Lunds Universitets Gymnastik och Idrottsförening Rugby football club
- Nickname: The Lions / Lionesses
- Founded: 1972
- Location: Lund, Sweden
- Ground: Centrala Idrottsplatsen (Capacity: 1000)
- Chairman: Hans Hallstadius
- Coach: (Men) Sean Rollings / Chris Howell (Women) Ross Watson / Ali Day
- League: Allsvenskan (rugby)
| Team kit |

= Lugi Rugbyklubb =

Swedish rugby union club

Lugi Rugby football club is a rugby union club in Lund, Sweden. The club was founded in 1972 by John Nash, Perry Hadley, Giuseppe Garza and Calle Erlandsson as the rugby section of the Lunds Universitets Gymnastik och Idrottsförening (Lund University Gymnastics and Sports Club).. LUGI Lions play their home games at Centrala idrottsplatsen, where they also have their club house.

The club is known to be a very social and open rugby club, with members from all over the world active in the club.

During the late 1980s and early 1990s LUGI's u18s were among the best teams in Sweden, winning 3 Swedish championships. The seniors had their best placements in the early 1980s, placing third 1982 and second in 1984.

LUGI currently have active teams for both ladies and men in ages from u8-senior. They also have an old boys team.

== Men's ==
LUGI's men's team is currently playing in Allsvenskan (Sweden's highest division).

The team usually goes up and down between the two highest leagues.
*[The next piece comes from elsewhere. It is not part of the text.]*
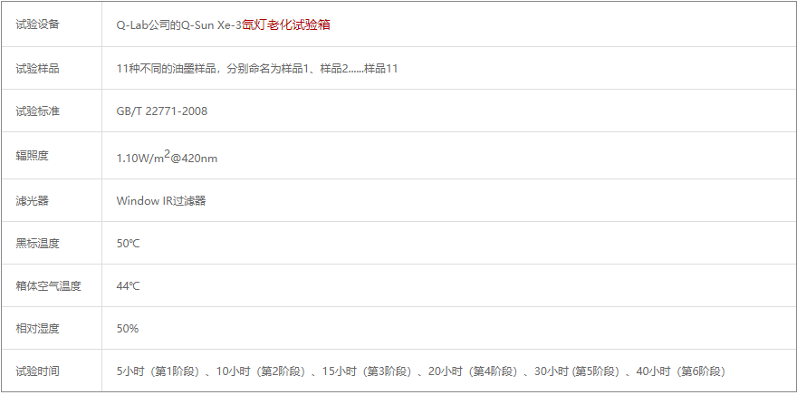按照GB/T22771-2008标准中的试验条件,对11种不同的油墨样品进行氙灯加速耐光性试验。具体试验条件见表1。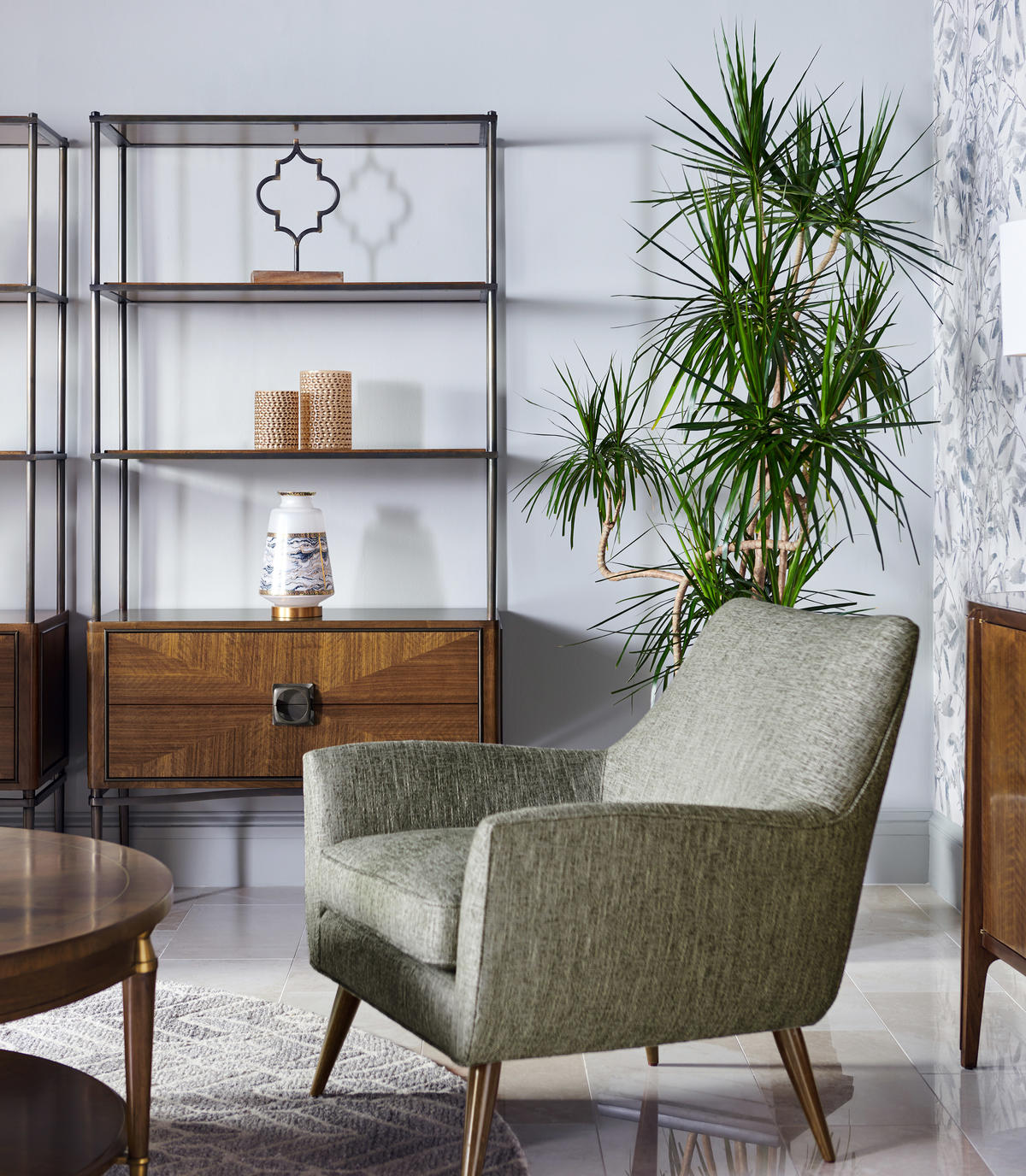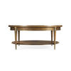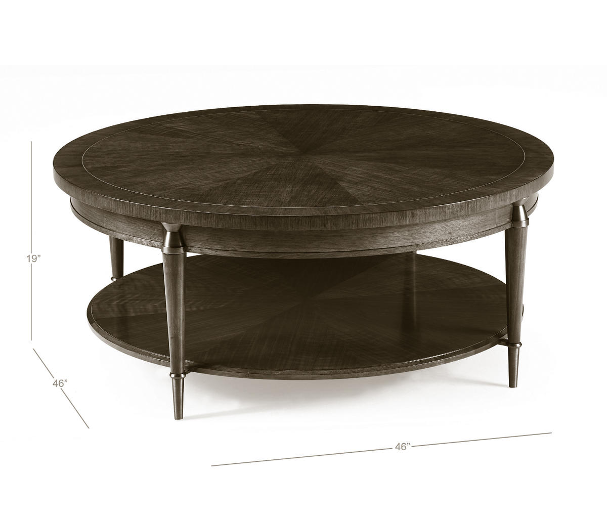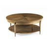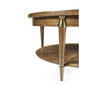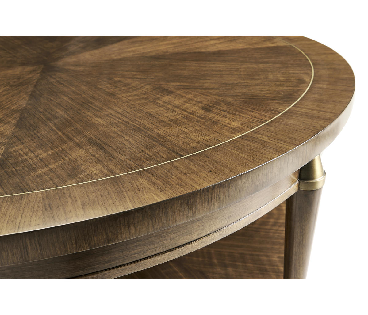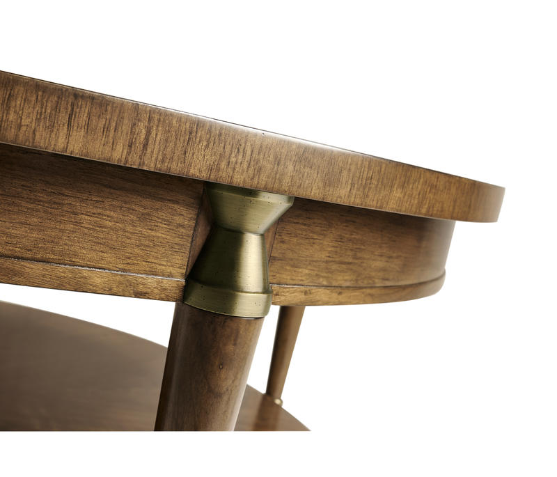 Influenced by the work of the French Modernists, this table features figured walnut veneer, in a radial slip match pattern. Legs are solid walnut with brass hardware. Hardware is cast in the Jonathan Charles foundry where it is acid dipped and hand rubbed to achieve a rich, natural patina. Shelf features face grade veneer.

LUGI currently have both a ladies' and men's team as well as kids and youths in all ages from u8-u18.

== Ladies ==
LUGI's ladies team, called the Lionesses, was created in 2003. They have since then been a well established team with several players being capped for Sweden in both 7s and 15s.
2025 season saw the ladies become national 7's champions, whilst progressing through the league phase in the 15s championship, they lost in the play-offs.